Learning Outcomes
1.To be aware of the main institutions operating at national and international level and their data sources
(e.g. Eurostat, ECB, IMF, ILO, BIS, UN, OECD, World Bank).
2.To understand and be able to use different kinds of data sources such as censuses, sample surveys – cross section, longitudinal –, administrative sources, big data.
3.To be able to understand methodological issues related to some specific fields of official statistics and to interpret correctly official statistics.
4.To be able to apply methods suitable to produce and analyse data in the specific field.
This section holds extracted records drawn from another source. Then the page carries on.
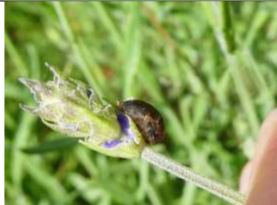
31/05, dezelfde nimf van rozemarijngoudhaantje als op de foto van 28/05, Den Hoorn, Willemein Poot.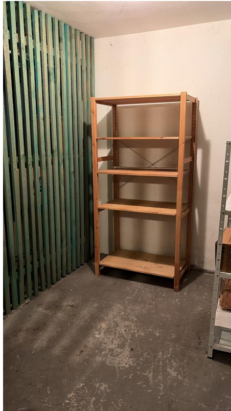
Kellerraum mit Regal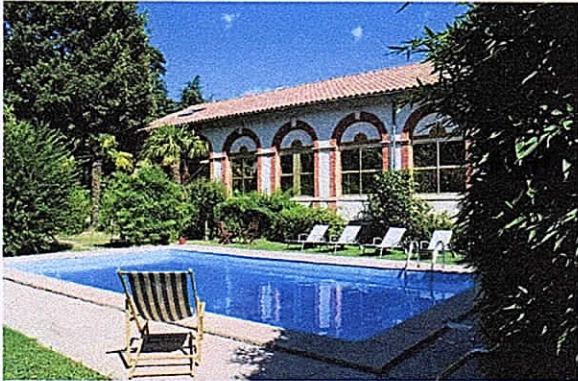
Hôtel Les BELLUGUES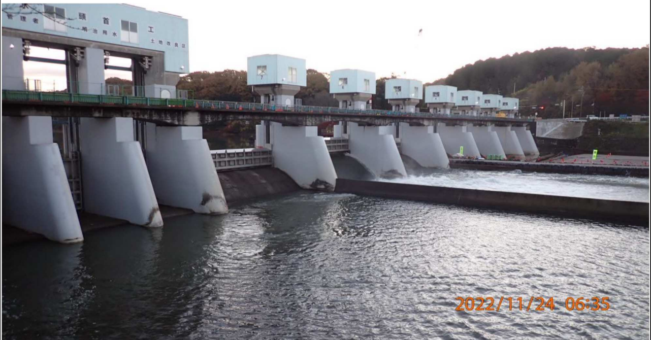
水源公園付近の様子（2） 水源橋を撮影。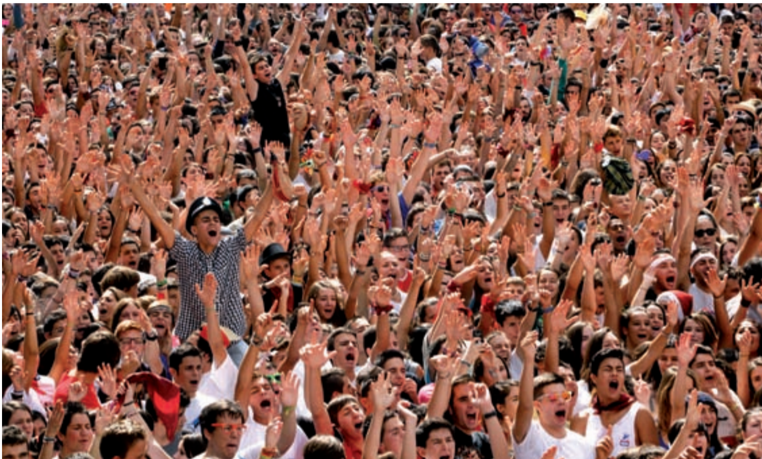
La Plaza del Ayuntamiento albergó uno de los disparos de cohete más largo y animado que se recuerda.

Los fuegos artificiales, de calidad extraordinaria, concentran a más de 100.000 espectadores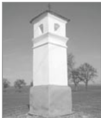
Boží muka „U zmrzlých Saxů“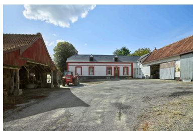
Ferme Boinet (3 route de Vercourt). Vue de face, depuis la route.

Phot. Thierry Lefébure IVR32_20258002095NUCA

5.Knowledge of and ability to apply special statistical methods such as sampling methods, non-response adjustments and imputation.
6.Ability to use statistical computer programmes such as R or SPSS.
7.Ability to present data in an effective way to different kinds of audience.
8.To be aware of the different tools available for data and metadata dissemination and presentation of results (tables, charts in a static and dynamic web-based environment
Course Content (Syllabus)
Basic concepts in National Accounts. Basic concepts in Demography, definitions, research questions and framework of demography and population research. Introduction to techniques of demographic analysis; elements of period and cohort analysis; demographic rates, ratios and measures. Sources of data (census, vital statistics, sample surveys) and errors in demographic data. Population change and structure; analysis of migration data. Population pyramids, factors affecting age distribution of the population; socioeconomic and demographic implications of population aging. Population predictions and projections. Basic concepts, modern theory and practice of index numbers as a means of comparing prices and quantities.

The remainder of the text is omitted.